Enlist Any Two Inhibitors of Nucleotide Synthesis With Their Mechanism of Action, Enzyme Inhibited, and Their Use in Medicine
Nucleotide synthesis inhibitors are crucial in medicine, particularly in cancer therapy, autoimmune diseases, and transplant medicine. Here are two well-known inhibitors:
1. Methotrexate
- Mechanism of Action: Methotrexate is a folate analog that inhibits dihydrofolate reductase (DHFR), an enzyme required to regenerate tetrahydrofolate (THF), a coenzyme essential for purine and thymidylate synthesis.

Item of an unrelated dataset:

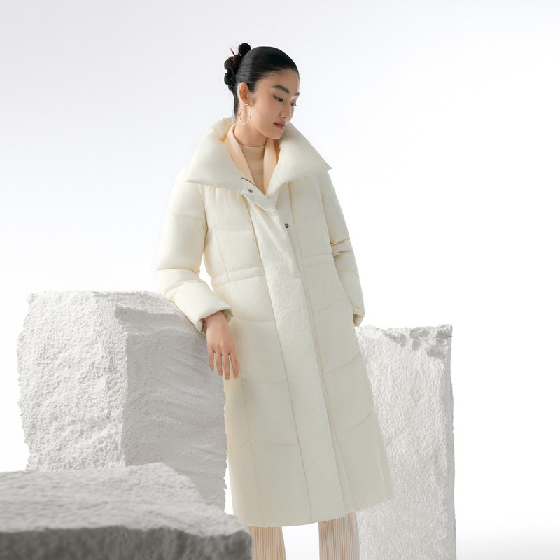 (Goose suede) Posden 23 Winter new women's long down jacket with big turnoff design senses waist and body jacket-Taobao

- Enzyme Inhibited: Dihydrofolate reductase (DHFR)
- Medical Use:
- Used in treatment of cancers such as leukemia, breast cancer, and osteosarcoma
- Also used as an immunosuppressant in rheumatoid arthritis and psoriasis
2. 5-Fluorouracil (5-FU)
- Mechanism of Action: 5-FU is converted into 5-fluoro-deoxyuridine monophosphate (FdUMP), which inhibits thymidylate synthase, blocking the synthesis of dTMP from dUMP. This leads to a depletion of thymidine nucleotides necessary for DNA replication.
- Enzyme Inhibited: Thymidylate synthase
- Medical Use:
- Used to treat various cancers including colorectal, breast, and gastric cancer
These inhibitors selectively target rapidly dividing cells by blocking DNA synthesis, making them effective anticancer agents, though they also affect normal proliferating cells.